Load data receiving channel 201a, 201b, 201c are connected with corresponding load unit, are sent out for receiving load unit
The load data for sending.The load data received by load data receiving channel is generally serial data, in conjunction with shown in Fig. 3, the height
The integrated 20 maneuvering load data clock of spaceborne data management system of speed carries out frame synchronization to load data, is then gone here and there and is turned
Change, produce the data 31 after serioparallel exchange and sampling enables signal 32.Parallel data after conversion reuses system clock to which
Sampled, and by sampling after data Cun Chudao First Input First Output (FIFO, First Input First Output).High
The integrated spaceborne data management system 20 of speed is handed over using the data after the 34 pairs of conversions of data sampler 33 and data sampler
For sampling, to reach maximum ability in sampling.In addition, load data is examined with entering
Survey with entering clock transition.In the case where load power-up clock often has, it is possible thereby to judge load power-up condition.Can be real with this
The function that existing load path is automatically opened up.The spaceborne data management system 20 of high-speed integratedization can pass through to arrange serioparallel exchange unit
To realize the conversion of above-mentioned load data.

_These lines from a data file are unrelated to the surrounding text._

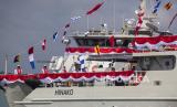 REPUBLIKA.CO.ID, KEPRI -- Sejumlah prajurit TNI AL mengikuti upacara Peresmian dan Pengukuhan Komandan Kapal Angkatan Laut (KAL) Sembulungan dan Hinako di PT Citra Shipyard Batam, Kepulauan Riau, Jumat (16/2/2024).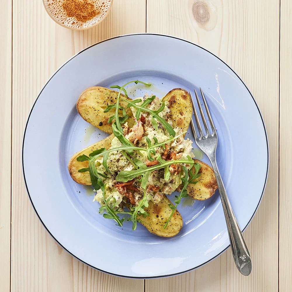 Bakad potatis med oströra, bacon och jalapeño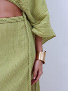 Crafted from wrinkle gauze, the fabric is lightweight, breathable, and textured, adding a subtle dimension to the look. Designed in a Small (S) fit, the skirt measures 46” in length, making it a standout piece for day-to-evening sophistication.
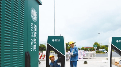7月22日,國網(wǎng)浙江杭州余杭區(qū)供電公司工作人員來到杭長高速徑山服務(wù)區(qū)內(nèi),為即將投運(yùn)的首批高速公路服務(wù)區(qū)電動汽車充電樁進(jìn)行調(diào)試。 |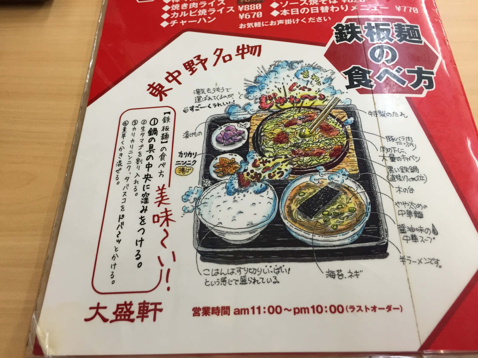 東中野名物鉄板麺880円をチョイス。もうね。絵を見てるだけで旨そう(笑)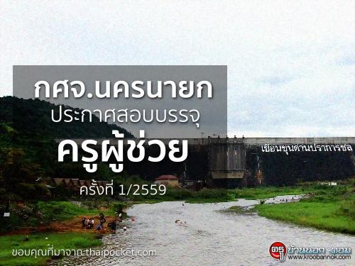 กศจ.นครนายก รับสมัครสอบแข่งขันเพื่อบรรจุบุคคลเข้ารับราชการข้าราชการครูและบุคลากรทางการศึกษา ตำแหน่งครูผู้ช่วย ครั้งท่ี 1 ปี พ.ศ.2559
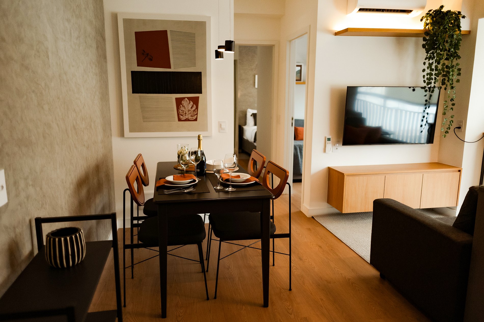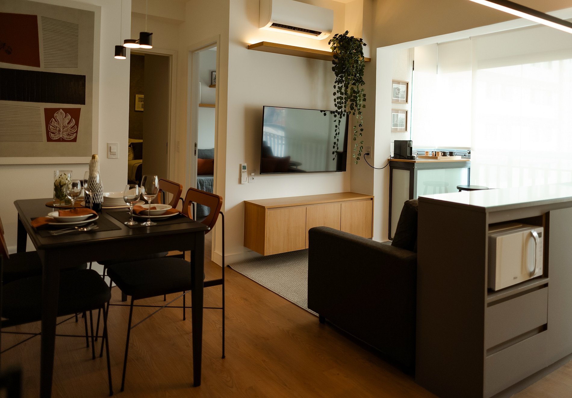 A disposição inteligente dos ambientes garante circulação fluida e praticidade, ideal tanto para estadias curtas quanto mais longas.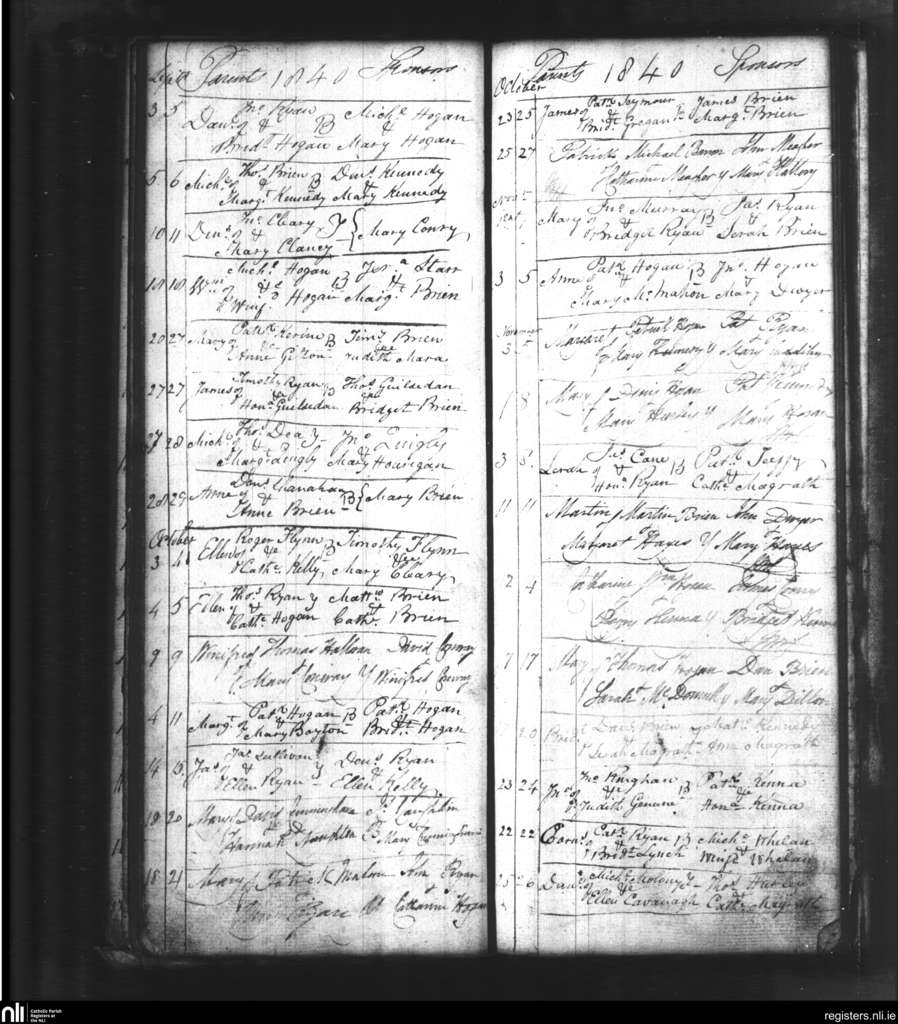 Youghal Arra; County of Tipperary; Diocese of Killaloe. Baptisms, Sep. 1840 to Nov. 1840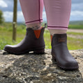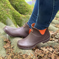 Ankle Height Rain Boots - Chocolate with Orange Trim - Wide Foot - Easy to Slip On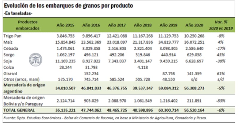Los únicos dos cultivos que crecieron durante 2020 fueron el maíz con el volumen de exportaciones más alto de la historia: 36 millones de toneladas embarcadas, un aumento del 4% y la representación del 64% de los despachos totales y, por otro lado, el sorgo con un incremento del 43%, si se realiza la comparación interanual.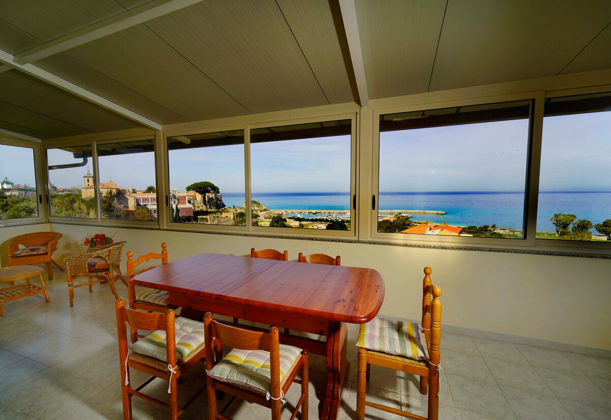 Apartment located in a villa, has a beautiful view of the port , the fortress of Tropea and the sea, basic decor necessary, ideal for enjoying a relaxing vacation, located 500 meters from the sea.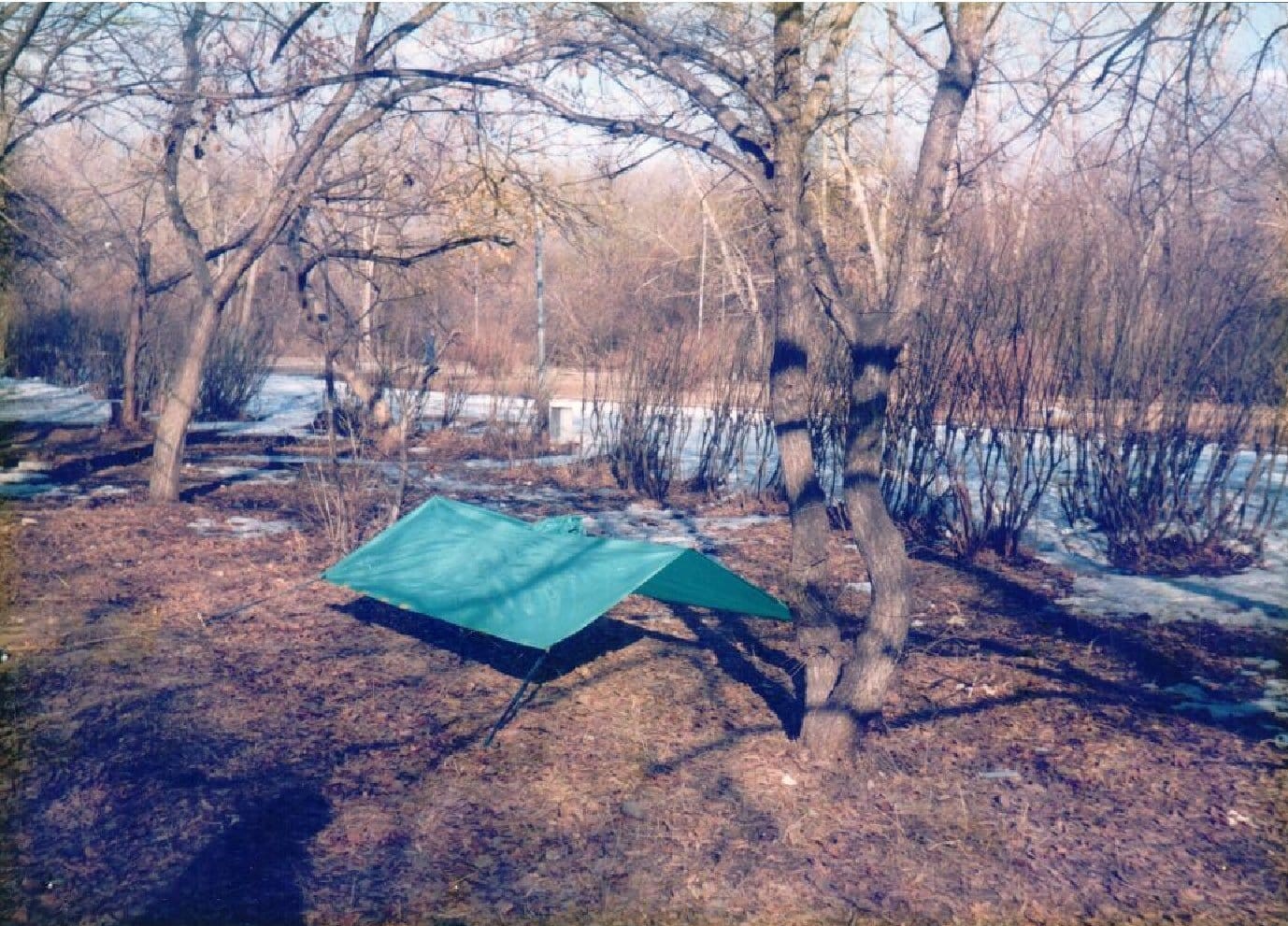 - В развернутом виде может использоваться как тент, по периметру расположены шесть петель для оттяжек.

Real time data receiving channel 208a, 208b are connected with satellite platform 14, for receiving the reality of the transmission of satellite platform 14
When telemetry.
Storage area management unit is corresponding with load data receiving channel to be connected, for distributing not to different load datas
Stored with the memory space of address section.Storage area management unit 202a is received to load data receiving channel 201a
Load data carries out the distribution of memory space, and the load data is managed, storage area management unit 202b, 202c's
Operation principle is identical with storage area management unit 202a.Storage area management unit mainly write pointer, read pointer, erasing refer to
The management of pin.Consider that the memory block consume control in storage array is required and the successional feature of payload data stream, memory block
Domain administrative unit is recycled using storage region, and the method for log type record is stored to load data.In addition, storage battle array
Row also need to carry out bad block management.Storage area management unit in the present invention includes bad block management module, write pointer management mould
Block, read pointer management module and erasure pointer management module.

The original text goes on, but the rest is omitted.